This is a fork project of Termite from https://github.com/sailuh/termite , which is originally developed by Chuang et al [1] without maintainance since 2019. Termite is a visualization tool for inspecting the output of statistical topic models such as Latent Dirichlet allocation (LDA) using an interactive interface as shown above. Termite is an alternative to lists of per-topic words, the standard practice: Users can drill down to examine a specific topic by clicking on a circle or topic label in the matrix, revealing the word-frequency view. The order of the terms presented in this view also uses seriation
, which accounts for co-occurrence and collocation likelihood between all pairs of words. Term probabilities are encoded in circles. For more details, see Chuang et al [1].
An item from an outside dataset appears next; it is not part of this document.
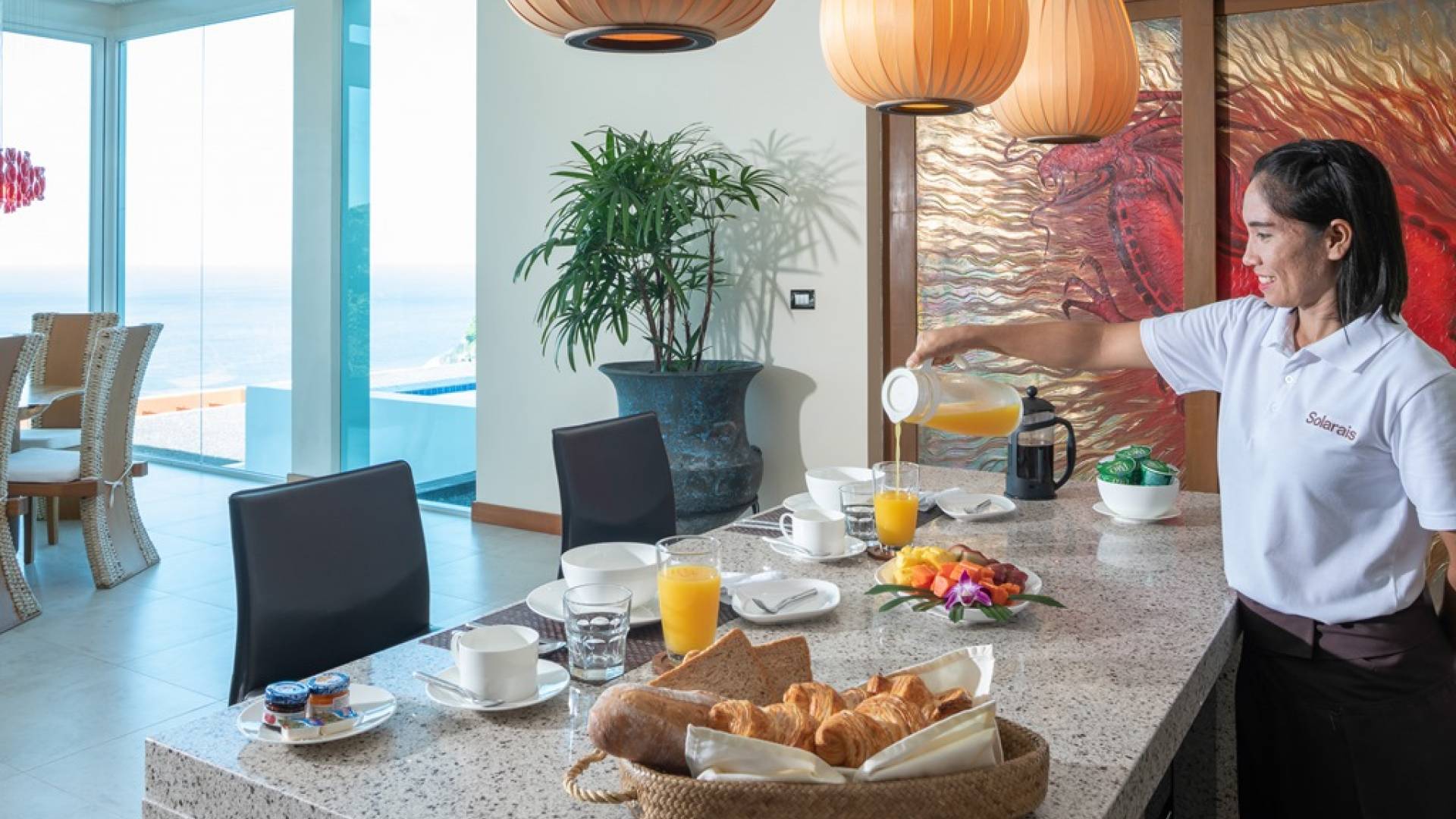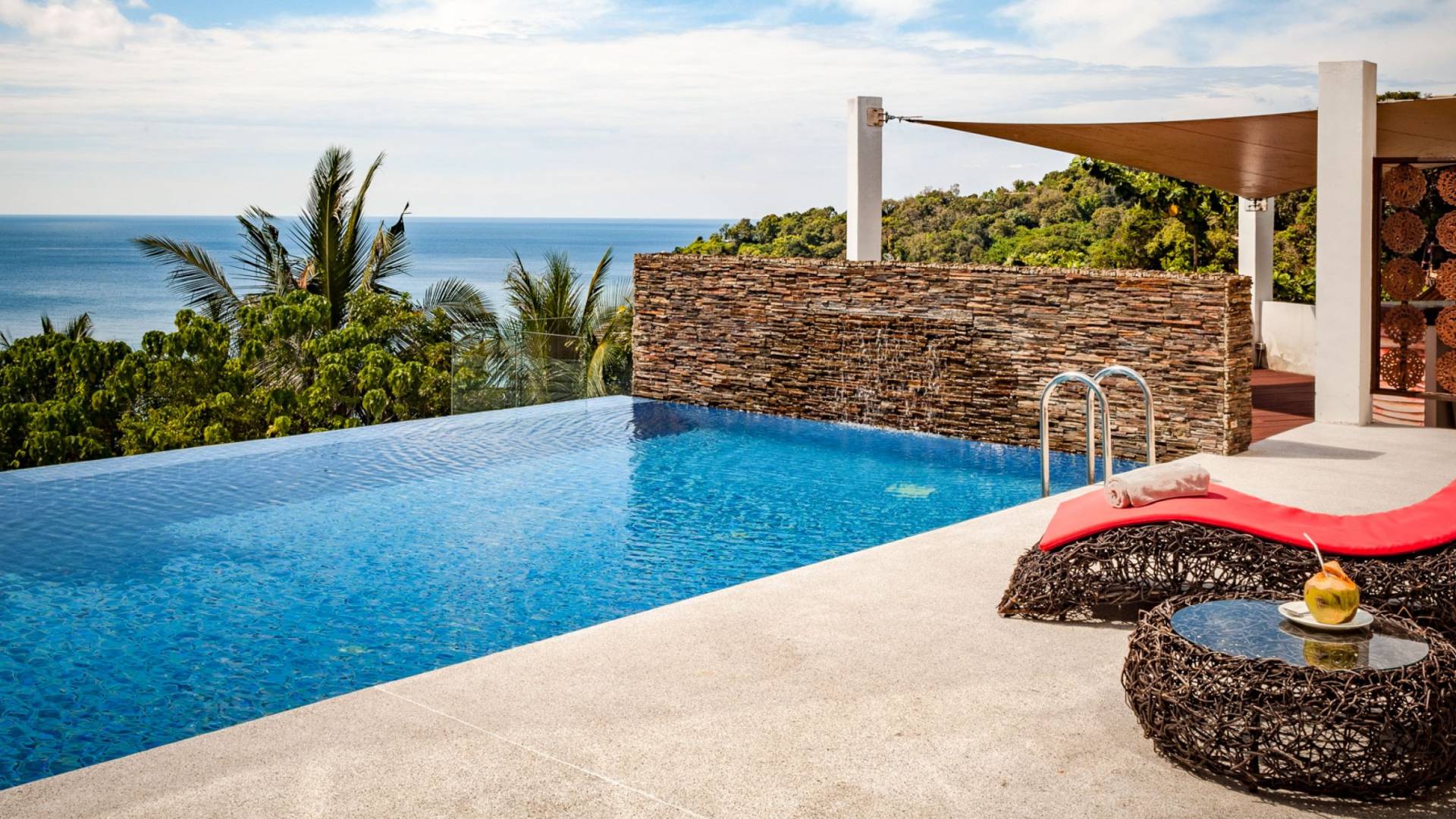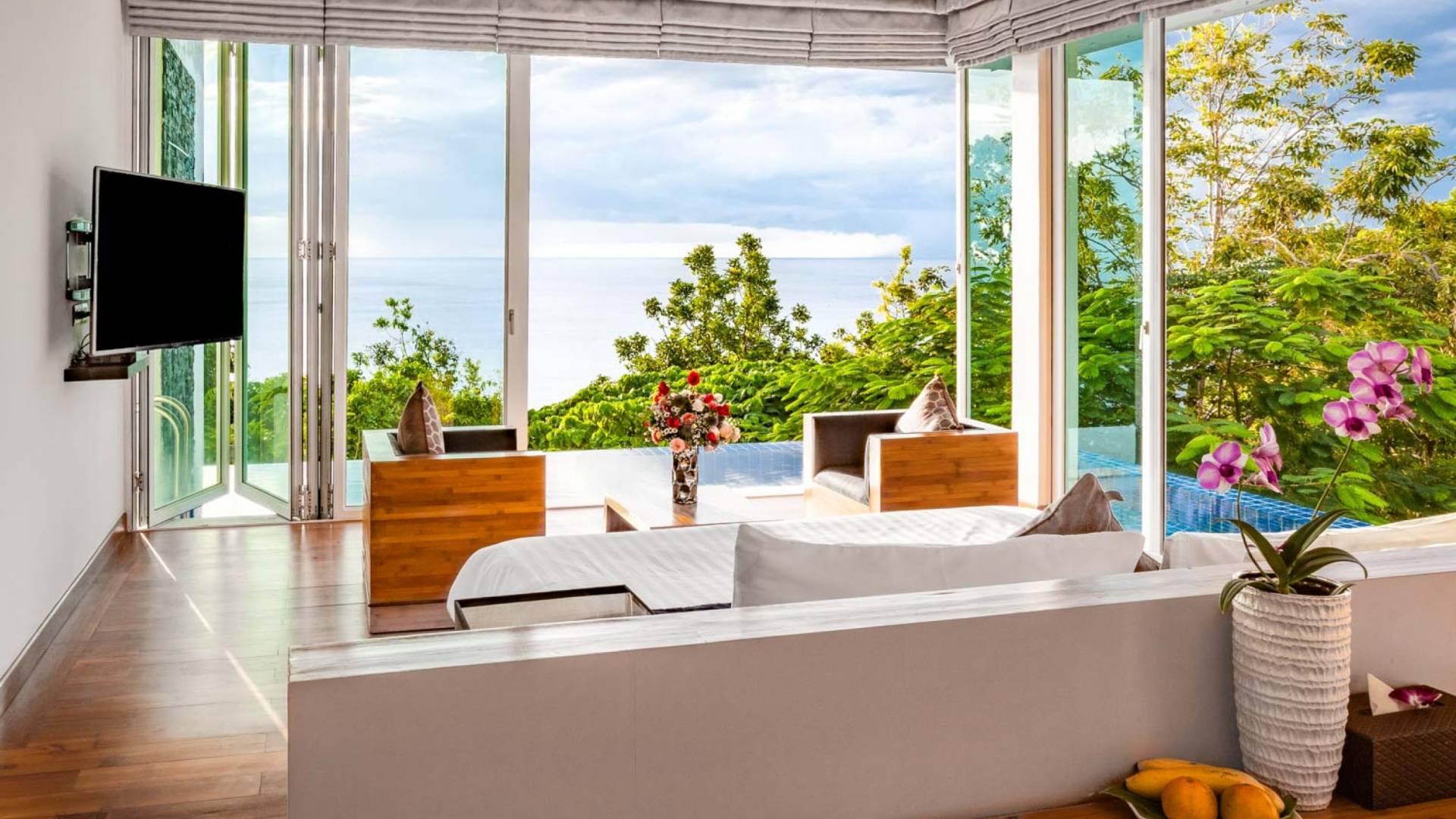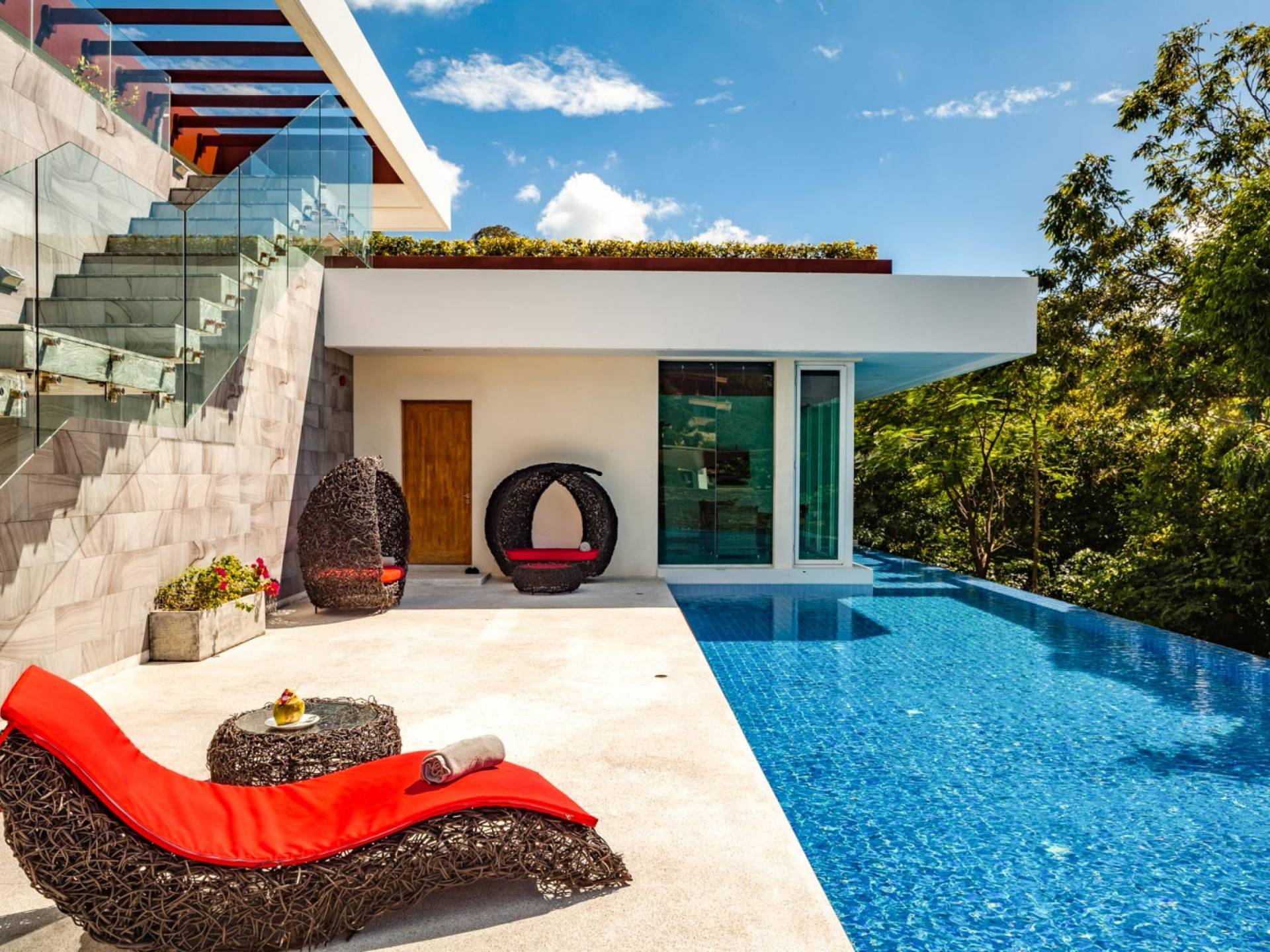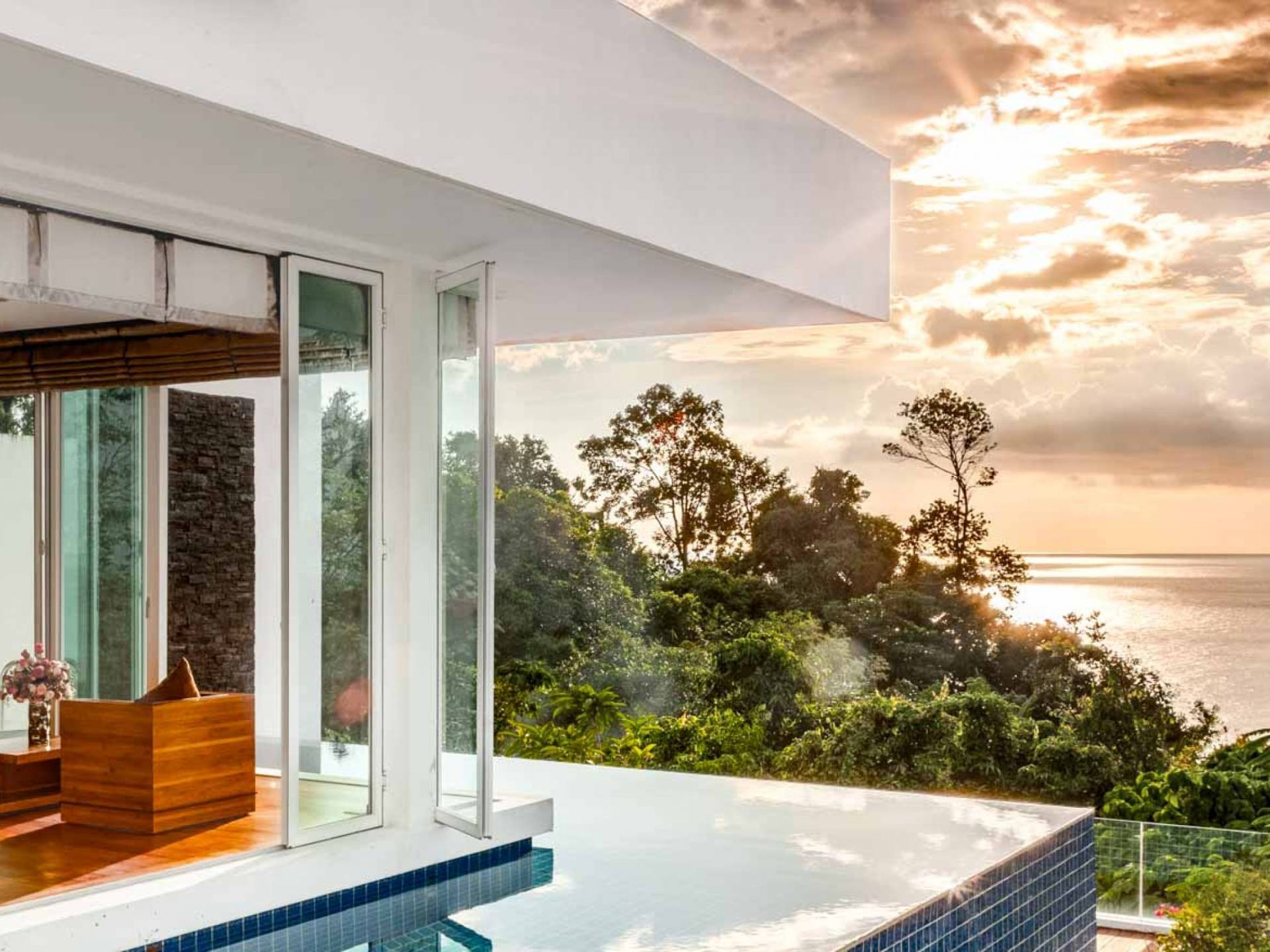 Villa Solaris Phuket est une location de villa de luxe avec 4 chambres et une piscine privée. Située dans les collines du domaine exclusif Cape Amarin à Kamala, Phuket, avec une toile de fond tentaculaire sur la mer, la luxueuse villa Solaris de 4 chambres ne manquera pas d'impressionner. Les quatre chambres de la villa disposent d'une salle de bains privative et d'une vue panoramique sur l'océan.

The package was initially developed in Python 2 and further separated out as a stand-alone topic modeling visualization tool by Software Analytics Insight Lab.
At the beginning, I created this fork because of my internship project on topic modeling, when I had hard time finding stunning and self-explanatory visualizations for topic modeling. Over time, I realized how rare and inspiring Termite project is tho still abandoned. My hope is to make it work with Python 3 and meanwhile enhance my "unfinished" internship project ;)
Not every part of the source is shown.